» **EXERCISE OBJECTIVE**: Would you reproduce exactly, and only, the lines starting at the one with "之前一直在担心露营不太安全,因为我们队友" and ending at the last line of the data, with both included? Leave the pictures out.

» **RECORDED DATA**:
<<<<
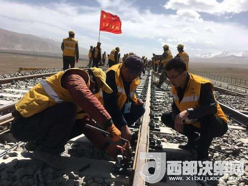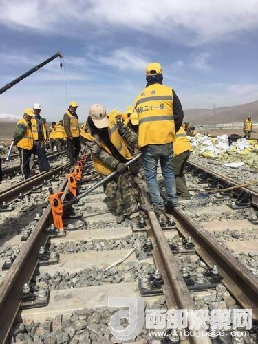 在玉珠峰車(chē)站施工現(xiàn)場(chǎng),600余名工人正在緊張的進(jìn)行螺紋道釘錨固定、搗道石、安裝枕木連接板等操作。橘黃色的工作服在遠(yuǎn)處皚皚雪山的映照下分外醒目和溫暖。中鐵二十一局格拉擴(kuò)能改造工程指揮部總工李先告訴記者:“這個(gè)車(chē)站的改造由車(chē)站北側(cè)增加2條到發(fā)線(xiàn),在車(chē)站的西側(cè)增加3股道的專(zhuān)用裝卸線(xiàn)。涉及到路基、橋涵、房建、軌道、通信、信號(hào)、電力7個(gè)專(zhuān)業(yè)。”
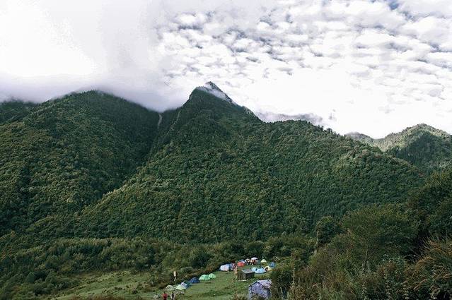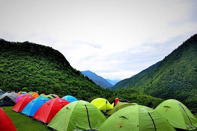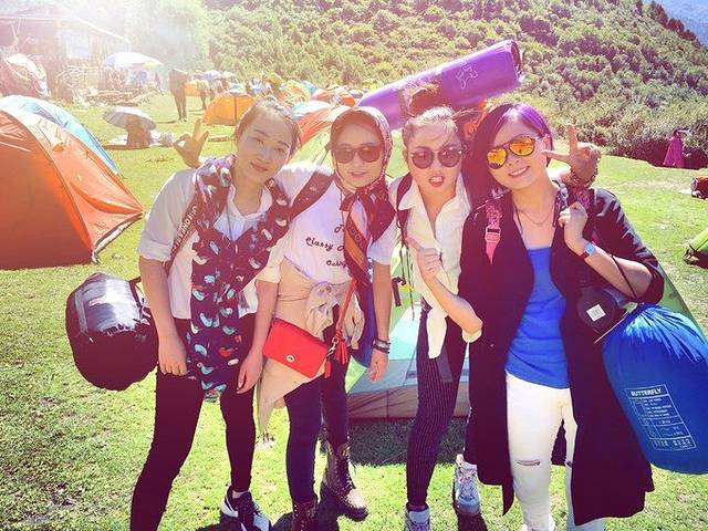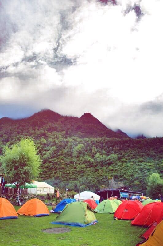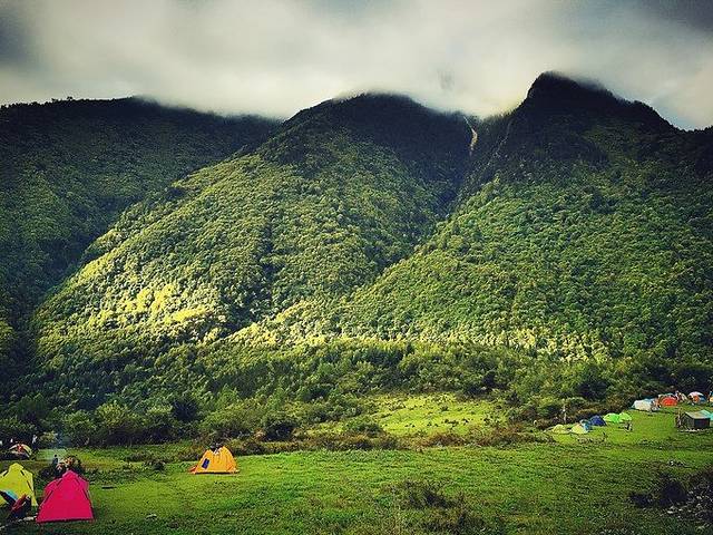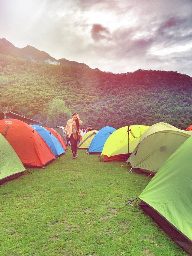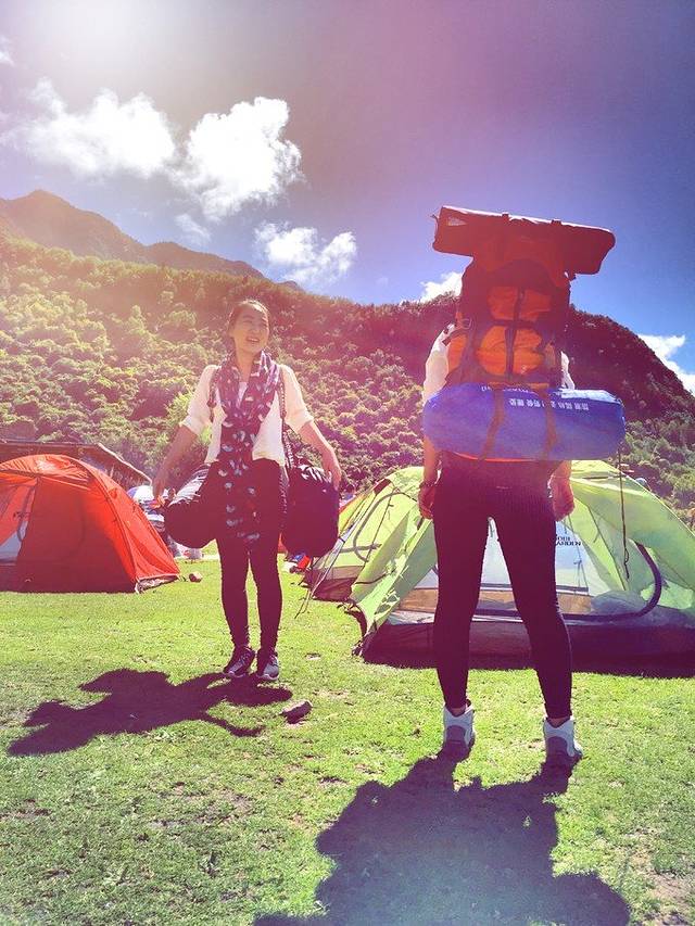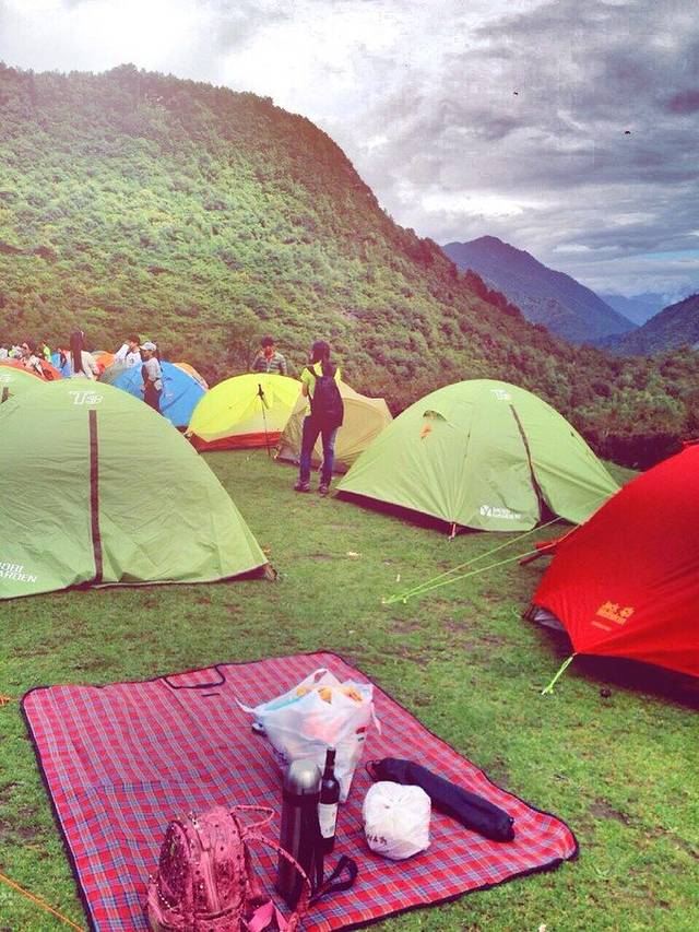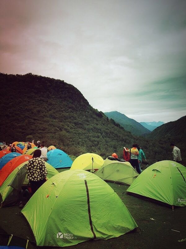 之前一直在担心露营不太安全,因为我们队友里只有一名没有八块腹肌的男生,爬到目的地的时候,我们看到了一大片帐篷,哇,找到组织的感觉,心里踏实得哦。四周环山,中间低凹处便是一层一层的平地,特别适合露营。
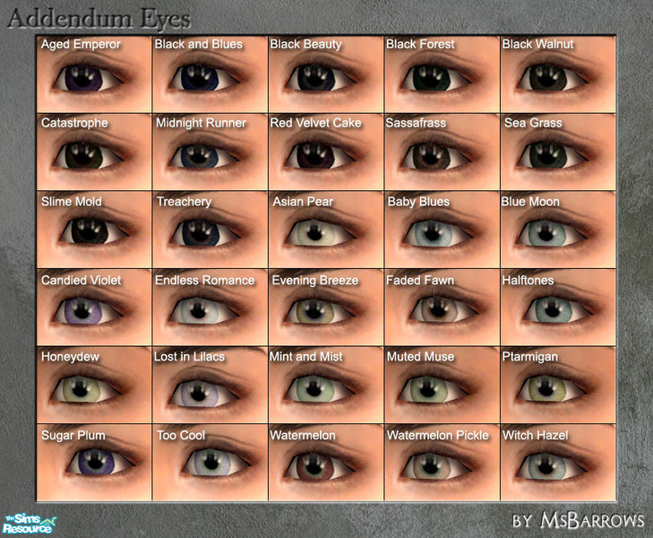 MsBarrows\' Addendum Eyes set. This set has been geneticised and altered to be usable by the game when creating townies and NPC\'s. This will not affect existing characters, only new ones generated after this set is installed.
>>>>
» **EXERCISE OUTPUT**:
 之前一直在担心露营不太安全,因为我们队友里只有一名没有八块腹肌的男生,爬到目的地的时候,我们看到了一大片帐篷,哇,找到组织的感觉,心里踏实得哦。四周环山,中间低凹处便是一层一层的平地,特别适合露营。
 MsBarrows\' Addendum Eyes set. This set has been geneticised and altered to be usable by the game when creating townies and NPC\'s. This will not affect existing characters, only new ones generated after this set is installed.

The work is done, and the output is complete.